(About this exercise) Output, exactly as written, the lines below from the one that has "当地时间2026年4月9日,美国纽约,玛" through the one that has "O processo de"; nothing else, and no pictures.

(Supplied records)
+ + + +
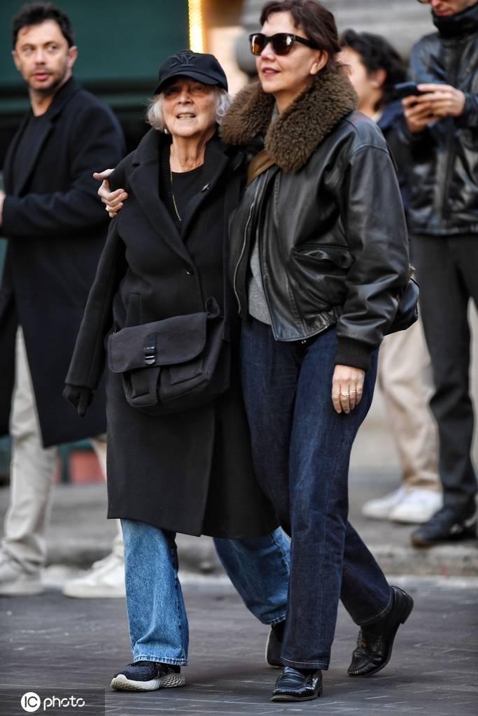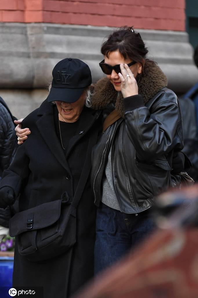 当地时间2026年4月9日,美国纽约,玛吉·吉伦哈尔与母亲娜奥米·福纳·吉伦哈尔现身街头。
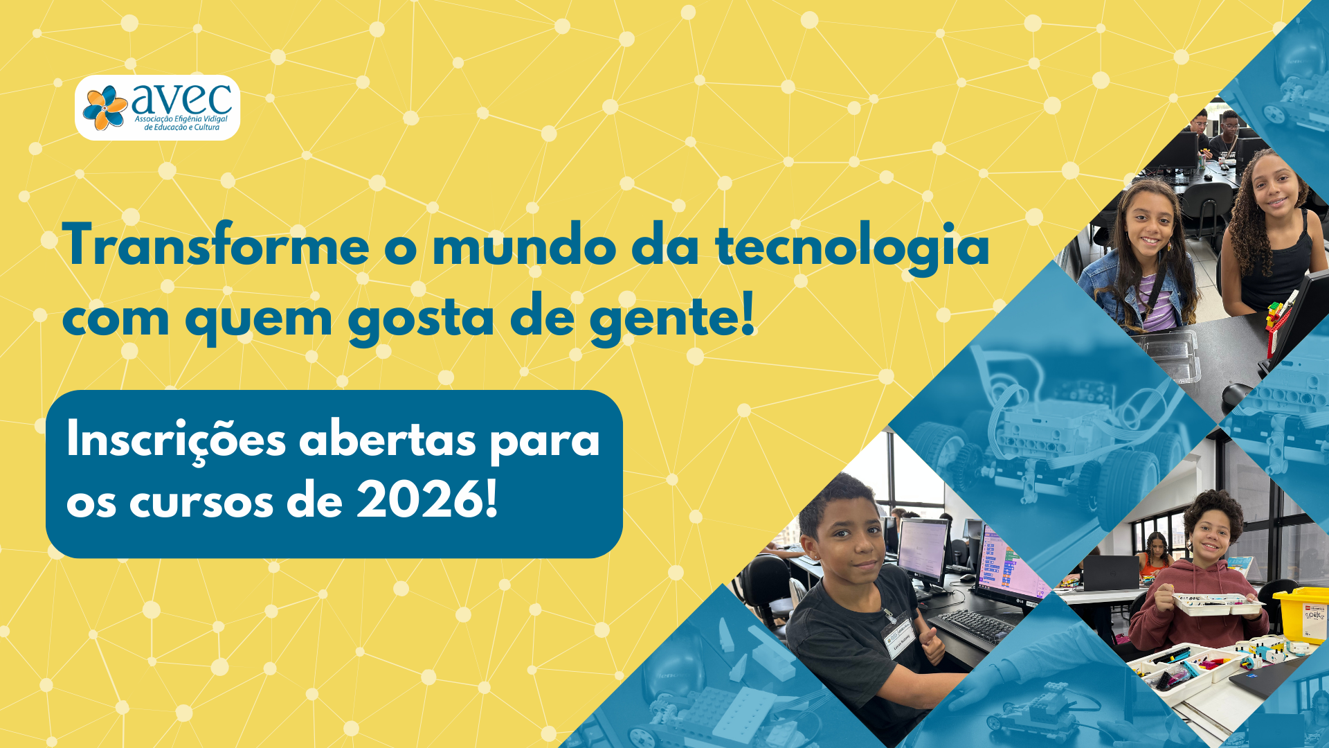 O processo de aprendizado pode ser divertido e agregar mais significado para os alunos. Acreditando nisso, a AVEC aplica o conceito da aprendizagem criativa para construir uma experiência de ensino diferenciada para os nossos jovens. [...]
+ + + +
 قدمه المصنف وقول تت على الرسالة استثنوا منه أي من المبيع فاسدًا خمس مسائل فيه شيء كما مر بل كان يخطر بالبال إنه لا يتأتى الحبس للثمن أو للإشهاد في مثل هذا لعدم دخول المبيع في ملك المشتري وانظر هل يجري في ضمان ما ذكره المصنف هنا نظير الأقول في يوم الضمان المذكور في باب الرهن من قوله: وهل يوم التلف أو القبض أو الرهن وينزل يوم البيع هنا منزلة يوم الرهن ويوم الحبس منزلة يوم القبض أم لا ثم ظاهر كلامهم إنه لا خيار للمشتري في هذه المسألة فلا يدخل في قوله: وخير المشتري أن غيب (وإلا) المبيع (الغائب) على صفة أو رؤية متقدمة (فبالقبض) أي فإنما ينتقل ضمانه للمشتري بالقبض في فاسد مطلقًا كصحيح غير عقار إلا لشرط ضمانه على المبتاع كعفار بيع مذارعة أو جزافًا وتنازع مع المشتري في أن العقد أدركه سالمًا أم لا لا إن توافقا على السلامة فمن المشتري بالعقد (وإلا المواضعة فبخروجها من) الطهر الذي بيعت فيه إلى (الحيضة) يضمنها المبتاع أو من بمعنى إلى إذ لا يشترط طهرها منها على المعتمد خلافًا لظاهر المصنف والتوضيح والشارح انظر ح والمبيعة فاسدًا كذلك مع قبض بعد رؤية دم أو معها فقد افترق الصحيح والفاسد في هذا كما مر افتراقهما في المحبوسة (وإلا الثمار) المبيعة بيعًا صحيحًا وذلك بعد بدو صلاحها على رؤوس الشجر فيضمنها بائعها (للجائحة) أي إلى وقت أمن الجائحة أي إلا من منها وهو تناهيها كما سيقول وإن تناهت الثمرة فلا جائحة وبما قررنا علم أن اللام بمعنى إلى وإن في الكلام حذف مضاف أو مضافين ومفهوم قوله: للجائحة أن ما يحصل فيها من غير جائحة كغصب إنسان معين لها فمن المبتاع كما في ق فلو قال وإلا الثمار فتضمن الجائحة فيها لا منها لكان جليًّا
+ + + +
(Reply)
 当地时间2026年4月9日,美国纽约,玛吉·吉伦哈尔与母亲娜奥米·福纳·吉伦哈尔现身街头。
 O processo de aprendizado pode ser divertido e agregar mais significado para os alunos. Acreditando nisso, a AVEC aplica o conceito da aprendizagem criativa para construir uma experiência de ensino diferenciada para os nossos jovens. [...]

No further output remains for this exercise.